The main one I was wondering about is Obermarshall. The second and less important is Kreigsmarshall. The main reason I'd like to know about them is that I like to name my characters in my Empire army and was wondering whether these are common titles.


----------



## Angel of Blood (Aug 18, 2010)

How good is Warrior Priest? I haven't read any fantasy novels, but i do have quite a liking for Warrior Priests


----------



## Lord of the Night (Nov 18, 2009)

Well the Empire is based off the ancient Germanic culture so those words probably have some meaning in that language, though im not sure which.

Though Obermarshall sounds close to Obersturmführer, the old German rank for a Company Commander so it may be close to that.


----------



## Words_of_Truth (Sep 20, 2007)

Angel of Blood said:


> How good is Warrior Priest? I haven't read any fantasy novels, but i do have quite a liking for Warrior Priests


It's ok, the flow of the book is to eradicate for my liking, not as detailed as books like _Sword of Justice_ which is my current favourite book. My favourite book from this collection so far is _Reiksguard_, I've read both _Call to Arms_ and as I said _Warrior Priest_ both are ok but they don't blow my mind. I'd recommend _Sword of Justice_ though, there's a sequel to it coming soon as well.



Lord of the Night said:


> Well the Empire is based off the ancient Germanic culture so those words probably have some meaning in that language, though im not sure which.
> 
> Though Obermarshall sounds close to Obersturmführer, the old German rank for a Company Commander so it may be close to that.


Cool, so if it is a reference to that I suppose the title would be pretty common and not ceremonial.


----------



## Bane_of_Kings (Oct 28, 2009)

I'm going to try and get the Empire Army novels sometime around christmas, so yeah, they sound great. I particulary think that _Warrior Priest_, as you mentioned will be a good read.

Bane of Kings Out.


----------



## jasonbob (Sep 6, 2010)

I've read all of the other ones except for Warrior Priest and they were all rather enjoyable.


----------



## Lord of the Night (Nov 18, 2009)

Words_of_Truth said:


> Cool, so if it is a reference to that I suppose the title would be pretty common and not ceremonial.


Ranks like that are never ceremonial. Titles like The Exalted or The Doomflayer are ceremonial because they are customised for the one who bears them.


----------



## Words_of_Truth (Sep 20, 2007)

Do you think Obermarshall Urius Hertzof is a fitting name for an Averland General?


----------



## goddambigcar (Jan 11, 2011)

If it's anything like real life, then Marshal is the highest rank in the army, higher even than general. In the United States there are no Marshals, but a 5-star general is roughly equivalent in rank to a British Field Marshal.

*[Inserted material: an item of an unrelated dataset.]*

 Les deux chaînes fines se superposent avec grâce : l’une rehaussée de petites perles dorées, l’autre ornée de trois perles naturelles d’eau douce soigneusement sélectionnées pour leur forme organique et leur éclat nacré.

"Ober" marshal would most likely be some form of "Uber", so translate it as "Overmarshal" or "High Marshal", something like that.

"Kriegs" marshal would be War Marshal, just as "blitzkrieg" means "Lightning War" and "Weltkrieg" means "World War".

Hope that helps.


----------



## Mob (Nov 14, 2010)

Totally, but while ober is connected to uber, it's a word in itself with a slightly tricky definition that basically means above. There's exisiting military ranks that use it: Oberleutnant basically means 1st (or senior) Lieutenant and the aforementioned obsolete Obersturmfuhrer meant basically the same thing.

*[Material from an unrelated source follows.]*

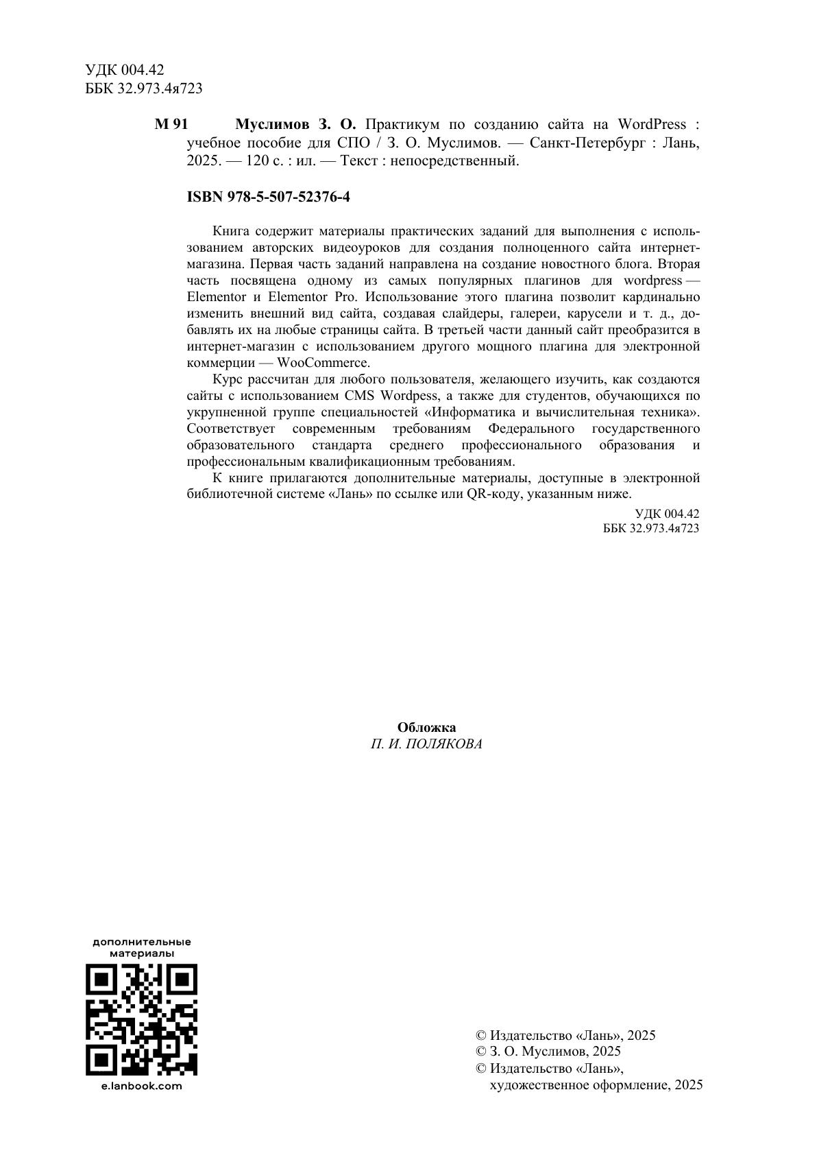 Книга содержит материалы практических заданий для выполнения с использованием авторских видеоуроков для создания полноценного сайта интернет-магазина. Первая часть заданий направлена на создание новостного блога. Вторая часть посвящена одному из самых популярных плагинов для wordpress — Elementor и Elementor Pro. Использование этого плагина позволит кардинально изменить внешний вид сайта, создавая слайдеры, галереи, карусели и т. д., добавлять их на любые страницы сайта. В третьей части данный сайт преобразится в интернет-магазин с использованием другого мощного плагина для электронной коммерции — WooCommerce. Курс рассчитан для любого пользователя, желающего изучить, как создаются сайты с использованием CMS Wordpess, а также для студентов, обучающихся по укрупненной группе специальностей «Информатика и вычислительная техника». Соответствует современным требованиям Федерального государственного образовательного стандарта среднего профессионального образования и профессиональным квалификационным требованиям. К книге прилагаются дополнительные материалы, доступные в электронной библиотечной системе «Лань» по ссылке или QR-коду, указанным ниже.
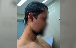 O jovem diz que procurou atendimento de urgência no Hospital de Queimaduras da capital na mesma noite em que ocorreu o acidente.

The Germans had marshals as well; Generalfeldmarschall = Field Marshal.

So using forms of German ranks in Empire armies seems like the thing to do.


----------



## Phoebus (Apr 17, 2010)

goddambigcar has it.

The only thing I can add is an answer to your other question.

Are said titles common? I'd say no, given that the number of marshals even in large empires tends to be small.

Obermarshall sounds like a conventional rank, albeit a very high one. As in, senior marshal. Kriegsmarshall, on the other hand, sounds like a unique title. I've never read Warhammer novels, but I would hazard a guess that the guy who wears that hat is tops.


----------



## AK74Bob (Oct 2, 2010)

_Krieg_ means "war" and _ober_ means "over/above". I know "Oberst" is the German equivalent of a colonel.


----------